### STORED DATA ###

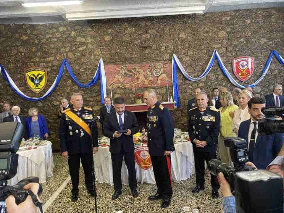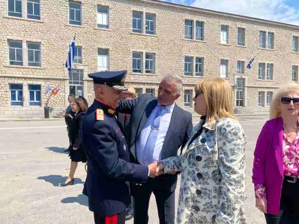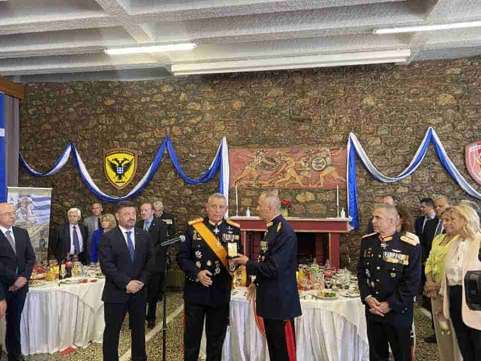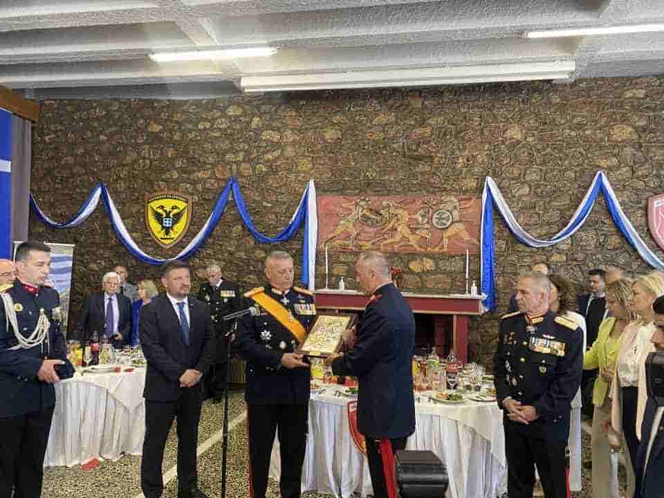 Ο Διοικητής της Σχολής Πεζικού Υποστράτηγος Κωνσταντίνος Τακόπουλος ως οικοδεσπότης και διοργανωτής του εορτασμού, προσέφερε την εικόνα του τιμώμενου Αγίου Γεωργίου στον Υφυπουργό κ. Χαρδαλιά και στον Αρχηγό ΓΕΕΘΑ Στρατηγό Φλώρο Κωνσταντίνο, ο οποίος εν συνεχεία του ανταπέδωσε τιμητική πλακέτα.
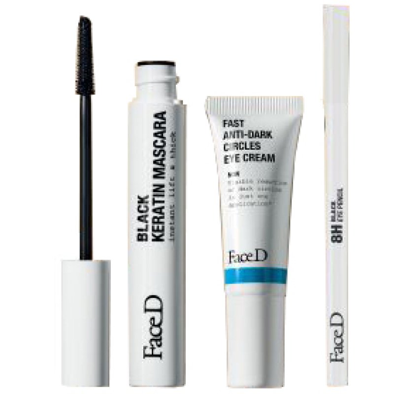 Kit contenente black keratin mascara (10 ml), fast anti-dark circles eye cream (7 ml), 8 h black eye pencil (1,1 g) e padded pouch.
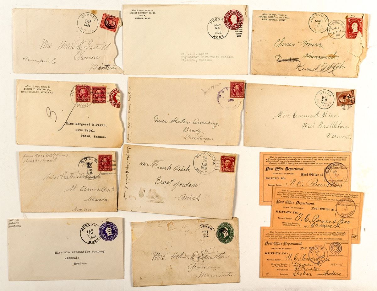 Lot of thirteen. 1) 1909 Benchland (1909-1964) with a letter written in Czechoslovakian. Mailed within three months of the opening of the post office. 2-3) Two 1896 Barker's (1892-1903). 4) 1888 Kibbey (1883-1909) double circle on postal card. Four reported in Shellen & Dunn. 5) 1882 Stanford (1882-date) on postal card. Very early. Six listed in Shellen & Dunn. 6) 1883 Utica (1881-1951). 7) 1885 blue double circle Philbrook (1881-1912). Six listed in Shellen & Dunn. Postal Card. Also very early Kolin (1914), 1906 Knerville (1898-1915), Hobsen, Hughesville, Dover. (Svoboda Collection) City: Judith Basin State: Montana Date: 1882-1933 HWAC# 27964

###

Output the data exactly. Leave every picture out.

 Ο Διοικητής της Σχολής Πεζικού Υποστράτηγος Κωνσταντίνος Τακόπουλος ως οικοδεσπότης και διοργανωτής του εορτασμού, προσέφερε την εικόνα του τιμώμενου Αγίου Γεωργίου στον Υφυπουργό κ. Χαρδαλιά και στον Αρχηγό ΓΕΕΘΑ Στρατηγό Φλώρο Κωνσταντίνο, ο οποίος εν συνεχεία του ανταπέδωσε τιμητική πλακέτα.
 Kit contenente black keratin mascara (10 ml), fast anti-dark circles eye cream (7 ml), 8 h black eye pencil (1,1 g) e padded pouch.
 Lot of thirteen. 1) 1909 Benchland (1909-1964) with a letter written in Czechoslovakian. Mailed within three months of the opening of the post office. 2-3) Two 1896 Barker's (1892-1903). 4) 1888 Kibbey (1883-1909) double circle on postal card. Four reported in Shellen & Dunn. 5) 1882 Stanford (1882-date) on postal card. Very early. Six listed in Shellen & Dunn. 6) 1883 Utica (1881-1951). 7) 1885 blue double circle Philbrook (1881-1912). Six listed in Shellen & Dunn. Postal Card. Also very early Kolin (1914), 1906 Knerville (1898-1915), Hobsen, Hughesville, Dover. (Svoboda Collection) City: Judith Basin State: Montana Date: 1882-1933 HWAC# 27964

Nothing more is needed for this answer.